Exercise: Apart from the pictures, output all of the records exactly.

Materials provided:
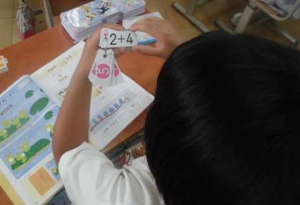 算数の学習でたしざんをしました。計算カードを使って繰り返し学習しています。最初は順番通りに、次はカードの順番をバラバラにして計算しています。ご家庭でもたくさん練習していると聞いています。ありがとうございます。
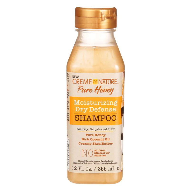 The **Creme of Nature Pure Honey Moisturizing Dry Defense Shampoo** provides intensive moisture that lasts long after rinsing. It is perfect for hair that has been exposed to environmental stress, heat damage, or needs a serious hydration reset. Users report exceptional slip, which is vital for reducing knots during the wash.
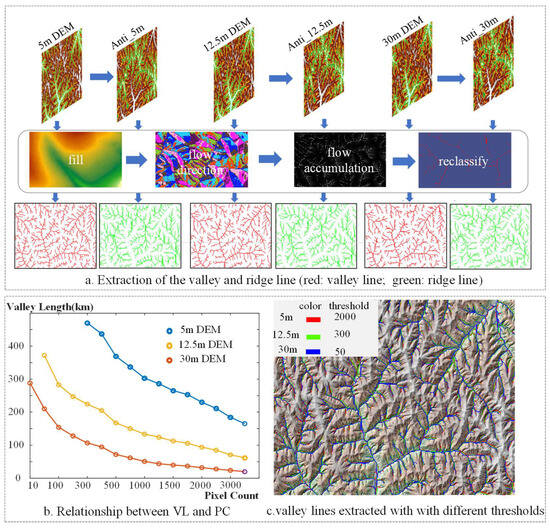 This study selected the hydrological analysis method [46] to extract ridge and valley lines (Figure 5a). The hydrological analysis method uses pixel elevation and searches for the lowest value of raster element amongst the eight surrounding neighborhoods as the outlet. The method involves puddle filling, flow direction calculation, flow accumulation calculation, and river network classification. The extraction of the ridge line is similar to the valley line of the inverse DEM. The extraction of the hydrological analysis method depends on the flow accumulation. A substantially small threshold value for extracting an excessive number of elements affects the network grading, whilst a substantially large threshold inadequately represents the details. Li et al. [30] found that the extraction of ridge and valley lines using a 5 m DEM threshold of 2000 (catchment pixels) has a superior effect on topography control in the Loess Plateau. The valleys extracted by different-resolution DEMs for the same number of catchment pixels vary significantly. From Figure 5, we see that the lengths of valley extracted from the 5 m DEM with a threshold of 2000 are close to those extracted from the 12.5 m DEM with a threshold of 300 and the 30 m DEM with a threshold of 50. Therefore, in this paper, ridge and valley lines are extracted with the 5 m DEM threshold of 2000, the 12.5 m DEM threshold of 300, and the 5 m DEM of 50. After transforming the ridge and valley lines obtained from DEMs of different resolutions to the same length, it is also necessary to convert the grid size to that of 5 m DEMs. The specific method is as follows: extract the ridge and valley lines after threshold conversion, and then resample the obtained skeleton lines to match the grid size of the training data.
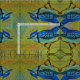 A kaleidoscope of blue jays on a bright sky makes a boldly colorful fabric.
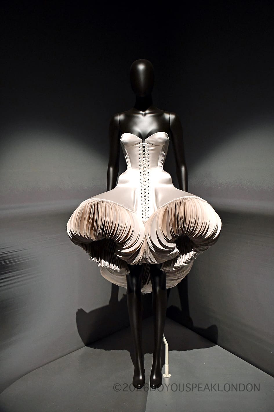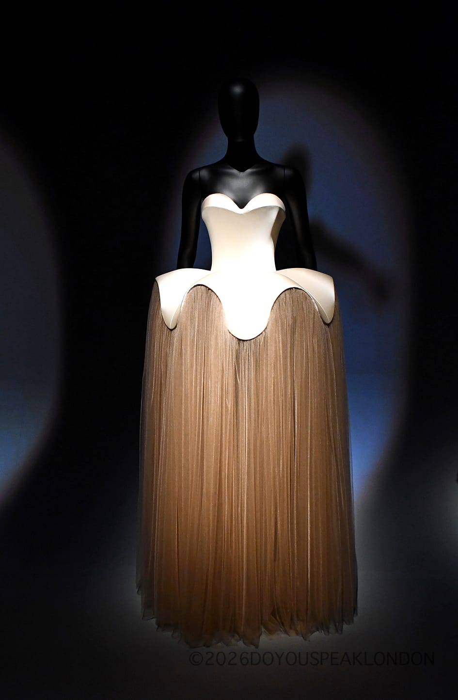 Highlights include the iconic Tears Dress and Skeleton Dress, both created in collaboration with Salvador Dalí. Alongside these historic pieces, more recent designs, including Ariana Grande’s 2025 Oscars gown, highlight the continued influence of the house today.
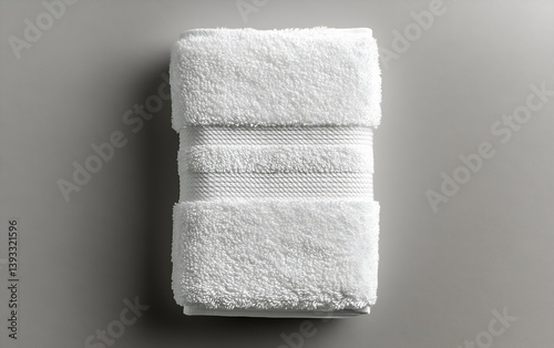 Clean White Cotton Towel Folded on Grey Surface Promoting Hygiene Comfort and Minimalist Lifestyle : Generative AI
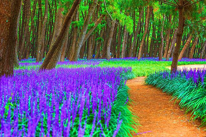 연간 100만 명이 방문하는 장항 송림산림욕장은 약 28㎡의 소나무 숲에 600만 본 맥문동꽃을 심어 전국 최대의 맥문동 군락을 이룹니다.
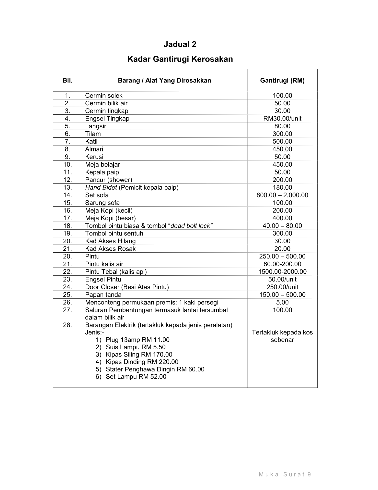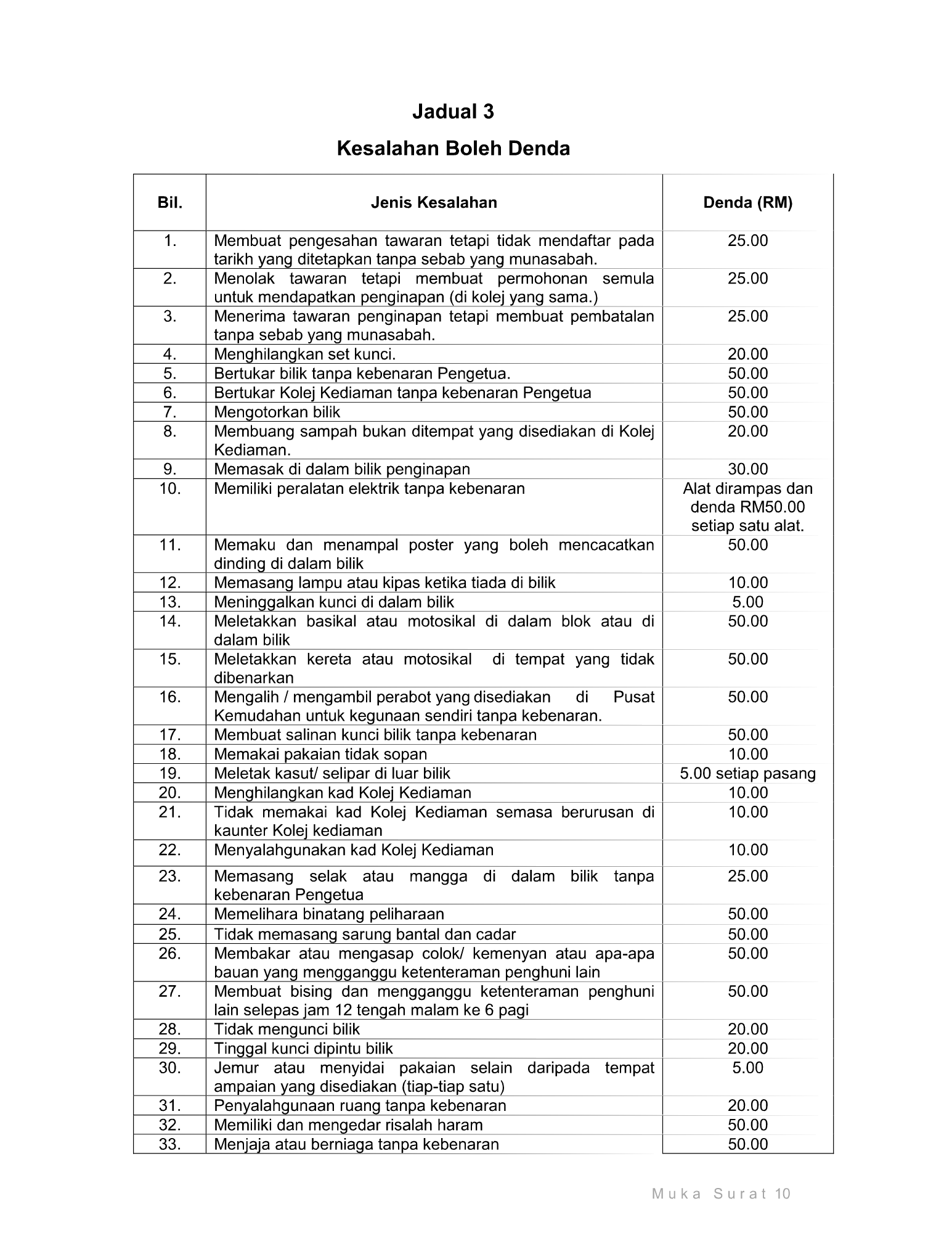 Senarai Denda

Solution to the exercise:
 算数の学習でたしざんをしました。計算カードを使って繰り返し学習しています。最初は順番通りに、次はカードの順番をバラバラにして計算しています。ご家庭でもたくさん練習していると聞いています。ありがとうございます。
 The **Creme of Nature Pure Honey Moisturizing Dry Defense Shampoo** provides intensive moisture that lasts long after rinsing. It is perfect for hair that has been exposed to environmental stress, heat damage, or needs a serious hydration reset. Users report exceptional slip, which is vital for reducing knots during the wash.
 This study selected the hydrological analysis method [46] to extract ridge and valley lines (Figure 5a). The hydrological analysis method uses pixel elevation and searches for the lowest value of raster element amongst the eight surrounding neighborhoods as the outlet. The method involves puddle filling, flow direction calculation, flow accumulation calculation, and river network classification. The extraction of the ridge line is similar to the valley line of the inverse DEM. The extraction of the hydrological analysis method depends on the flow accumulation. A substantially small threshold value for extracting an excessive number of elements affects the network grading, whilst a substantially large threshold inadequately represents the details. Li et al. [30] found that the extraction of ridge and valley lines using a 5 m DEM threshold of 2000 (catchment pixels) has a superior effect on topography control in the Loess Plateau. The valleys extracted by different-resolution DEMs for the same number of catchment pixels vary significantly. From Figure 5, we see that the lengths of valley extracted from the 5 m DEM with a threshold of 2000 are close to those extracted from the 12.5 m DEM with a threshold of 300 and the 30 m DEM with a threshold of 50. Therefore, in this paper, ridge and valley lines are extracted with the 5 m DEM threshold of 2000, the 12.5 m DEM threshold of 300, and the 5 m DEM of 50. After transforming the ridge and valley lines obtained from DEMs of different resolutions to the same length, it is also necessary to convert the grid size to that of 5 m DEMs. The specific method is as follows: extract the ridge and valley lines after threshold conversion, and then resample the obtained skeleton lines to match the grid size of the training data.
 A kaleidoscope of blue jays on a bright sky makes a boldly colorful fabric.
 Highlights include the iconic Tears Dress and Skeleton Dress, both created in collaboration with Salvador Dalí. Alongside these historic pieces, more recent designs, including Ariana Grande’s 2025 Oscars gown, highlight the continued influence of the house today.
 Clean White Cotton Towel Folded on Grey Surface Promoting Hygiene Comfort and Minimalist Lifestyle : Generative AI
 연간 100만 명이 방문하는 장항 송림산림욕장은 약 28㎡의 소나무 숲에 600만 본 맥문동꽃을 심어 전국 최대의 맥문동 군락을 이룹니다.
 Senarai Denda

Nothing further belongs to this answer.